Traditional solar panels have transformed renewable energy, but they come with one major limitation, they are rigid, heavy and designed to sit on flat surfaces such as rooftops or solar farms. That makes them difficult to install on curved buildings, lightweight structures or unconventional designs. Researchers in the United States are now working on a different approach. Using advanced 3D printing, they have developed a flexible solar material called Helio Skin that can bend, stretch and even move in response to sunlight, much like a sunflower. The innovation could allow solar technology to be integrated into buildings and structures where conventional panels simply cannot be used.
What is ‘Helio Skin’ and how does the flexible solar skin work
According to Cornell University, Helio Skin is an experimental solar technology developed by researchers in the United States to make solar energy systems lighter, more adaptable and easier to integrate into everyday architecture. Rather than relying on large, rigid glass panels, the system uses a 3D-printed flexible skin that can conform to curved and irregular surfaces.One of its most distinctive features is its ability to mimic heliotropism, the natural movement seen in plants such as sunflowers, which adjust their orientation throughout the day to maximise exposure to sunlight. Inspired by this biological process, Helio Skin incorporates flexible mechanisms that allow sections of the material to move, helping capture more sunlight without relying on bulky mechanical tracking systems.The prototype combines lightweight materials with programmable structures, allowing the solar skin to stretch, bend and adapt while maintaining its functionality.

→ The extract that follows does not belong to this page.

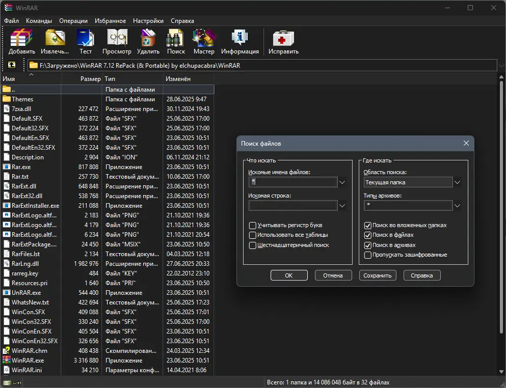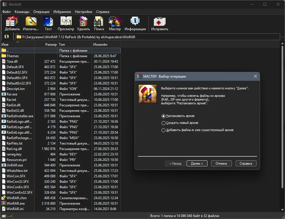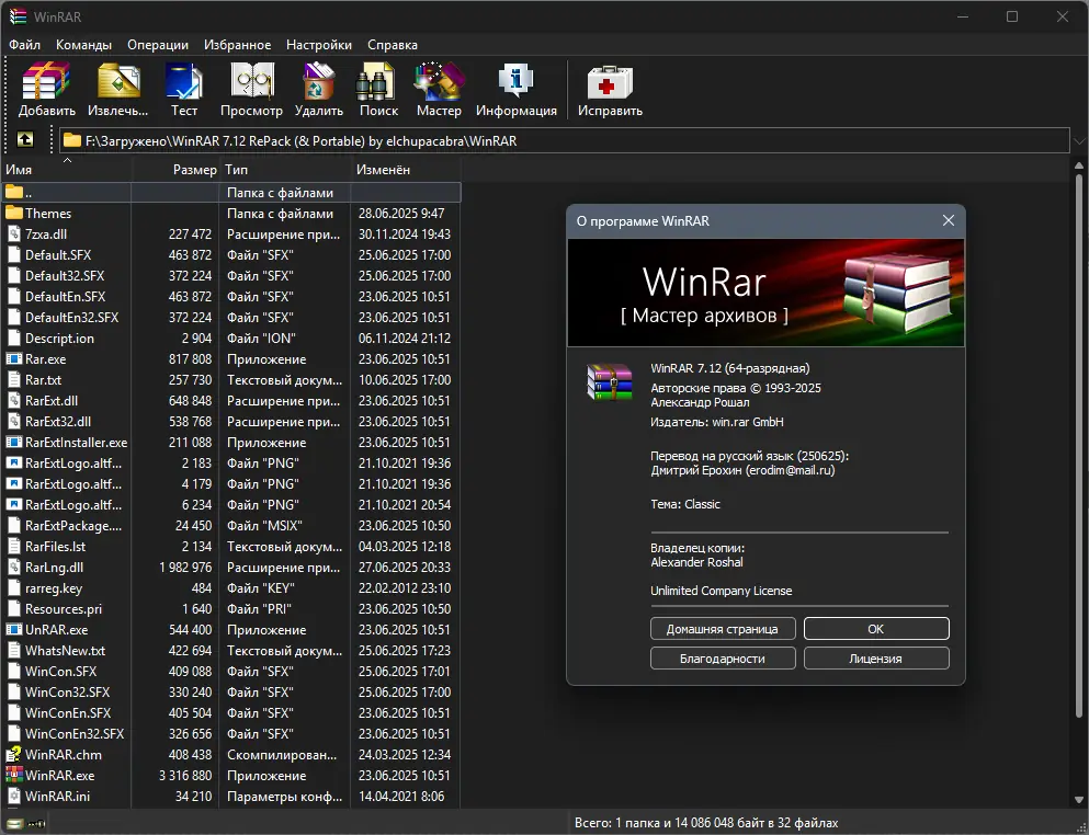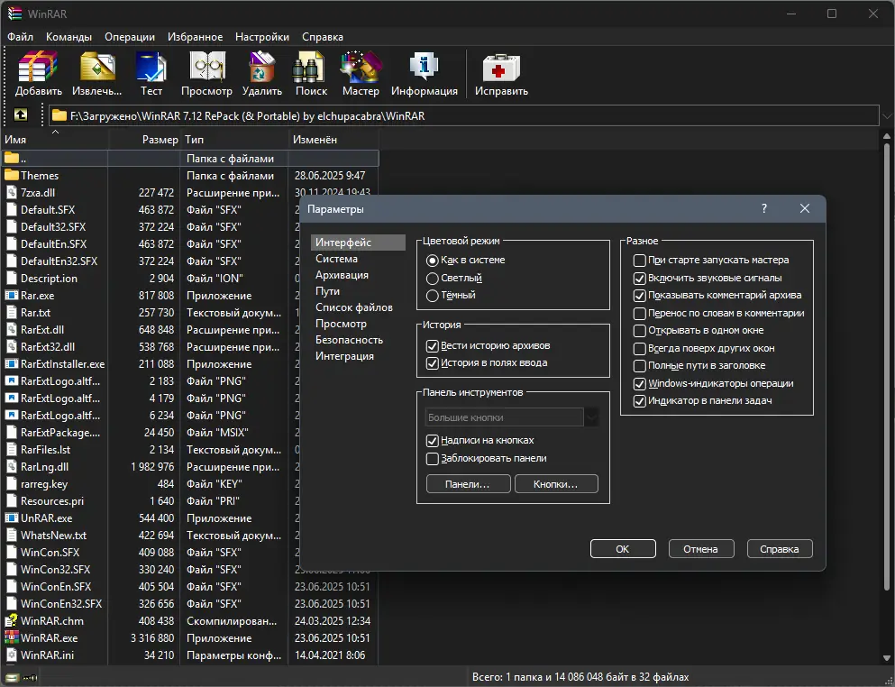 WinRAR — популярный архиватор, поддерживающий создание и распаковку множества форматов архивов, включая RAR и ZIP. Он широко используется для эффективного сжатия файлов и обеспечения их защиты с помощью шифрования. Особенно ценится возможностью работать с мультимедийными файлами и многотомными архивами.

Researchers believe this biomimetic approach could improve how solar technologies are incorporated into future buildings.
Why Helio Skin could change the future of solar energy
Conventional solar panels are highly efficient but also relatively heavy, often weighing 18 kilograms or more per panel because they rely on rigid glass, aluminium frames and sturdy mounting systems. While this design works well for rooftops and solar farms, it limits where solar technology can be installed and often requires buildings to be designed around the panels rather than the other way round.Helio Skin takes a fundamentally different approach. Because it is lightweight, flexible and capable of adapting its shape, it could one day be wrapped around curved façades, canopies, stadium roofs, transport shelters and other complex architectural surfaces where conventional photovoltaic panels are difficult or impossible to install. Instead of treating solar panels as separate pieces of infrastructure, architects could integrate electricity generation directly into the “skin” of a building.Speaking in an interview about the project, Professor Jenny Sabin from Cornell University said the team wanted to rethink how solar technology interacts with architecture. Rather than asking buildings to accommodate solar panels, they asked how solar systems themselves could become part of a building’s design, adapting to different shapes and orientations while continuing to harvest sunlight. Speaking about the project, she described Helio Skin as a “truly transformative” concept. She said the team set out to develop a system that is adaptive, responsive and multifunctional, allowing renewable energy technologies to blend seamlessly into the built environment rather than being treated as separate additions to buildings.Beyond expanding where solar technology can be installed, Helio Skin could also reduce the need for heavy supporting frameworks, opening possibilities for lightweight structures, temporary installations and architecturally ambitious buildings that currently cannot accommodate traditional solar panels. Although still at the prototype stage, the project points towards a future in which renewable energy systems are no longer added to buildings; they become part of the buildings themselves.
How 3D printing made the solar skin possible
Researchers used 3D-printing techniques to manufacture the Helio Skin prototype, enabling them to create intricate geometric structures that would be difficult or impossible to produce using traditional manufacturing methods. The printed components provide both flexibility and controlled movement, allowing the material to deform without losing its structural integrity.The design draws inspiration from origami, soft robotics and biomimicry, combining engineering with ideas borrowed from nature. By programming the geometry of the material, researchers can influence how it bends and responds to environmental conditions, including sunlight.This approach also allows rapid prototyping, meaning new designs can be tested and refined much more quickly than conventional solar hardware.
Could flexible solar skins become part of future buildings
Although Helio Skin is still a research prototype, it demonstrates how renewable energy technologies are evolving beyond flat rooftop panels. Scientists envision a future in which solar-generating materials are incorporated into building exteriors, public spaces and urban infrastructure, allowing cities to produce clean electricity without requiring additional land.Before commercial deployment, researchers will need to improve the technology’s durability, long-term weather resistance, energy efficiency and manufacturing costs. Even so, Helio Skin highlights how advances in materials science, 3D printing and bio-inspired engineering could redefine the appearance and function of solar power systems.If successful, flexible solar skins may one day enable buildings themselves to harvest sunlight, stretching, bending and even following the Sun to generate electricity in places where traditional panels were never practical.